[Task directions]:
Within the listing that follows, reproduce exactly the lines starting at the line with "Fond vert foncé, inscription" and ending at the line with "点击型验证码的最大特点是:使", inclusive, and only those. Pictures are dropped.

[Records supplied]:
****************************************
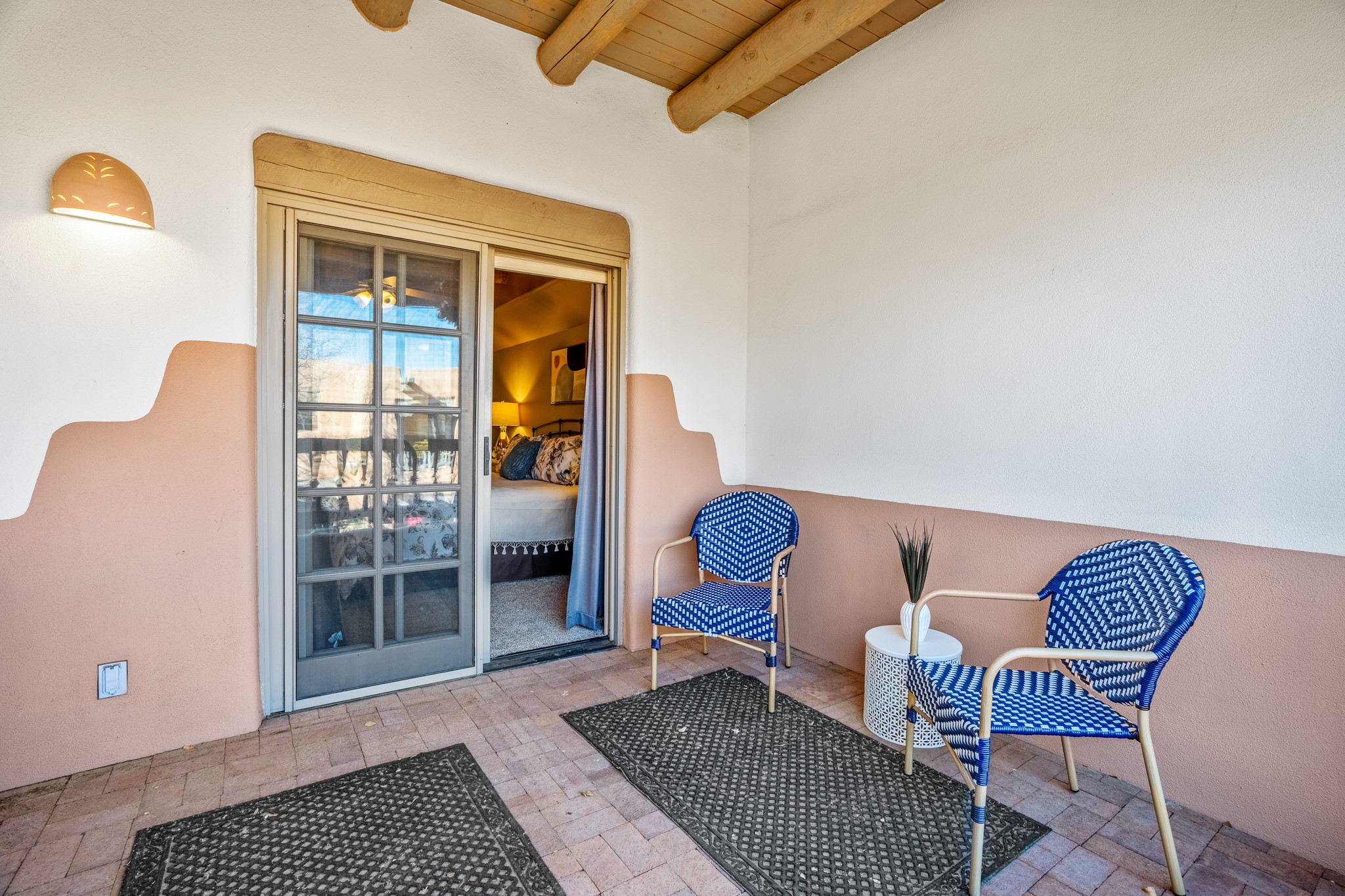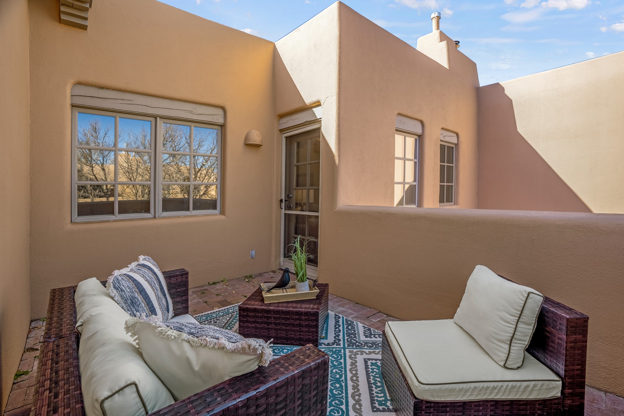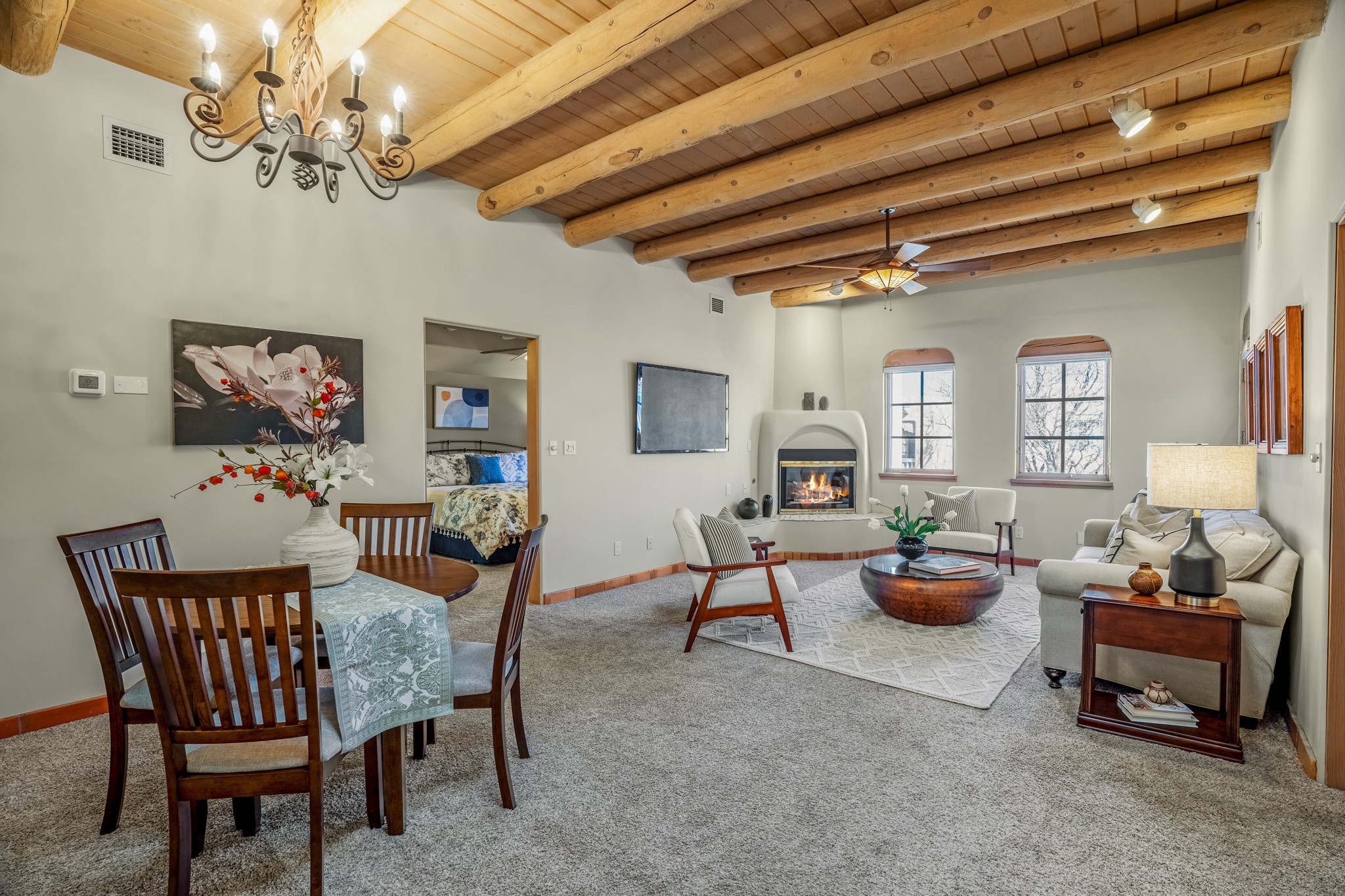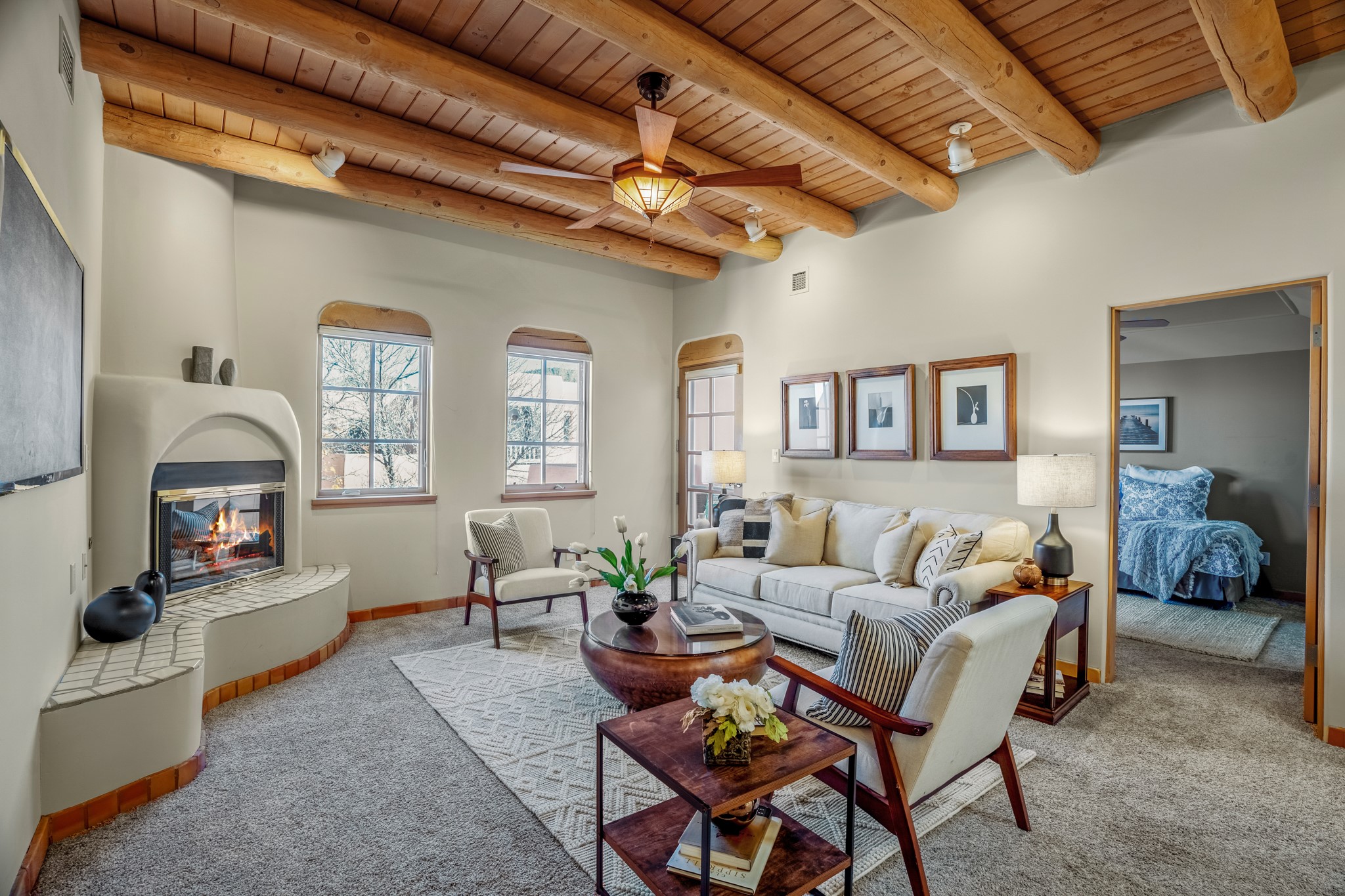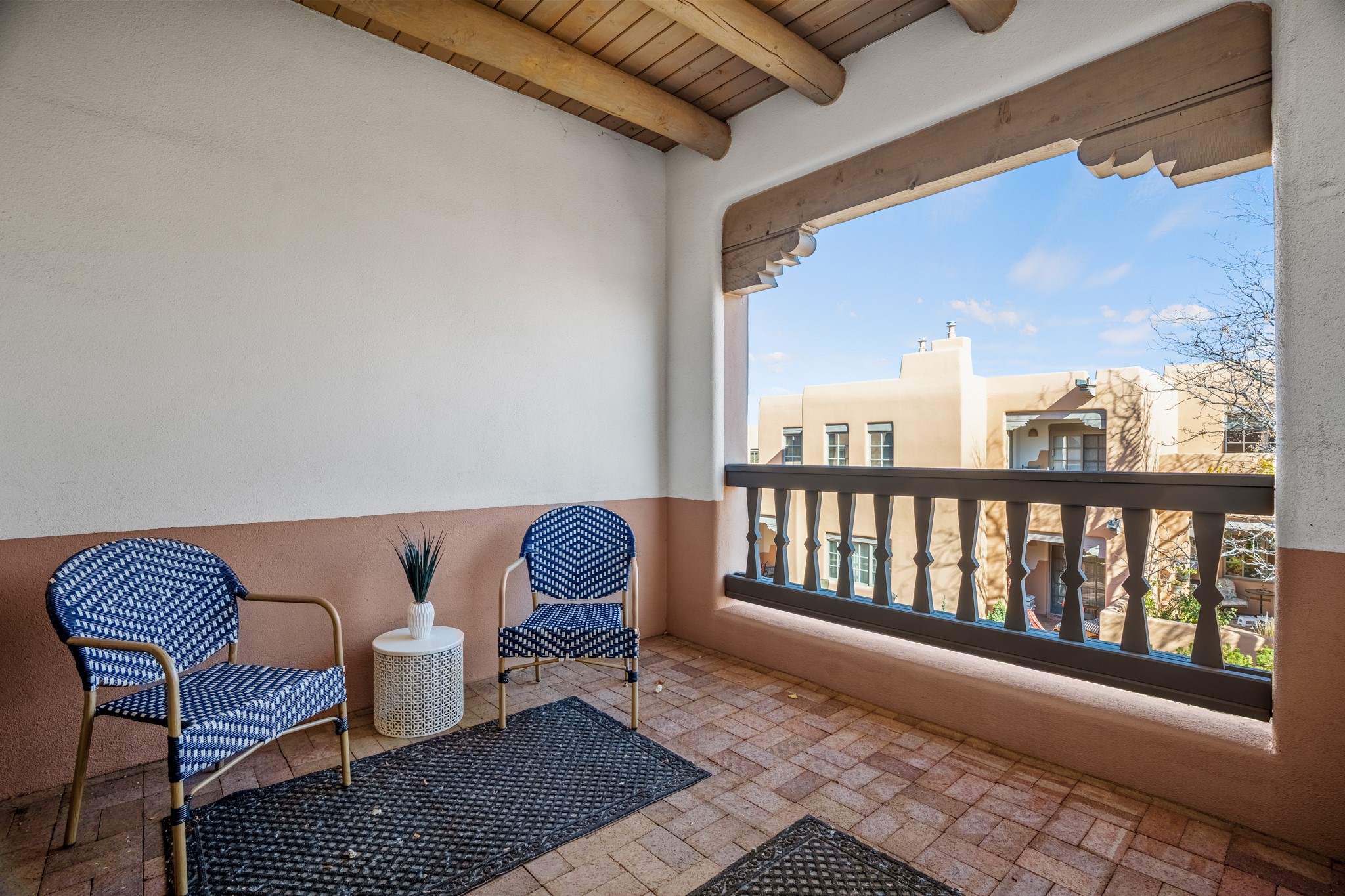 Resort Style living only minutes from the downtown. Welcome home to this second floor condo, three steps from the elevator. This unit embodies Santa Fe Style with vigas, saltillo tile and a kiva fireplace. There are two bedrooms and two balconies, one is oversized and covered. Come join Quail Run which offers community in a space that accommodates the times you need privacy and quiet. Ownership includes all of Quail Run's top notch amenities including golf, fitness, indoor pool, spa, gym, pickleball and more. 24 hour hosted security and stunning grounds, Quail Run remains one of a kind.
****************************************
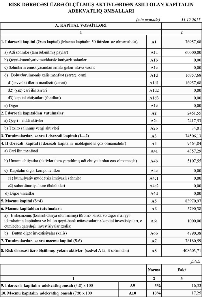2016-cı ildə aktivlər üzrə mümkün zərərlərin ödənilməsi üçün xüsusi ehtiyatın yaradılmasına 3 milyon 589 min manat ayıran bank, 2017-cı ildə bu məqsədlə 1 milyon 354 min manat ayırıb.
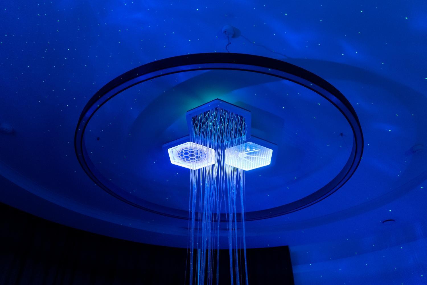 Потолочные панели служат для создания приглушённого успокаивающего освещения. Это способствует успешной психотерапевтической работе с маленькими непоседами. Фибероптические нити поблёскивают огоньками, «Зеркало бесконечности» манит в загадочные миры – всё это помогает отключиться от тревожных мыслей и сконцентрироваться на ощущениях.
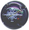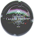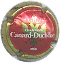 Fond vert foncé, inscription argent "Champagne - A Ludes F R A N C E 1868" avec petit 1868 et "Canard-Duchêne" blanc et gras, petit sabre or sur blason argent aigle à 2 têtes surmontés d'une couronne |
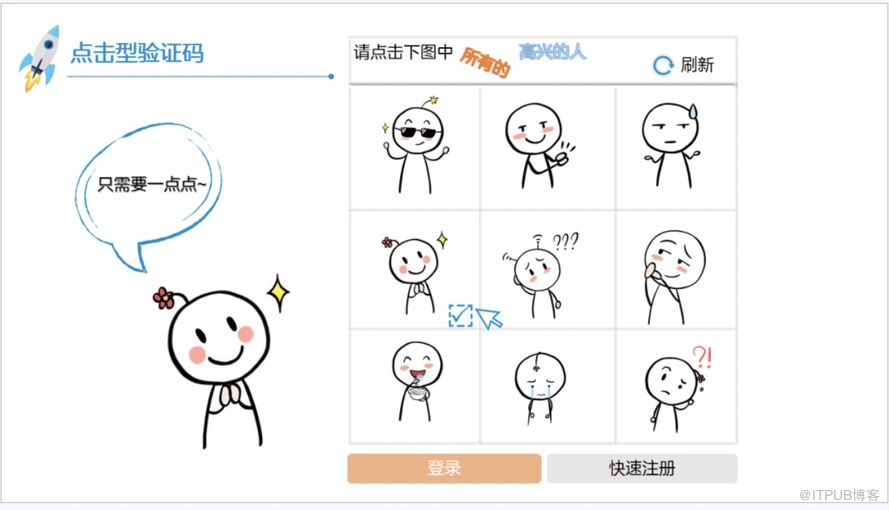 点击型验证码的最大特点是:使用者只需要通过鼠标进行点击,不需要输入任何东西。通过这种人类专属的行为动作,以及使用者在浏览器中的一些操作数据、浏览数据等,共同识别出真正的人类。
****************************************
[Written solution]:
 Fond vert foncé, inscription argent "Champagne - A Ludes F R A N C E 1868" avec petit 1868 et "Canard-Duchêne" blanc et gras, petit sabre or sur blason argent aigle à 2 têtes surmontés d'une couronne |
 点击型验证码的最大特点是:使用者只需要通过鼠标进行点击,不需要输入任何东西。通过这种人类专属的行为动作,以及使用者在浏览器中的一些操作数据、浏览数据等,共同识别出真正的人类。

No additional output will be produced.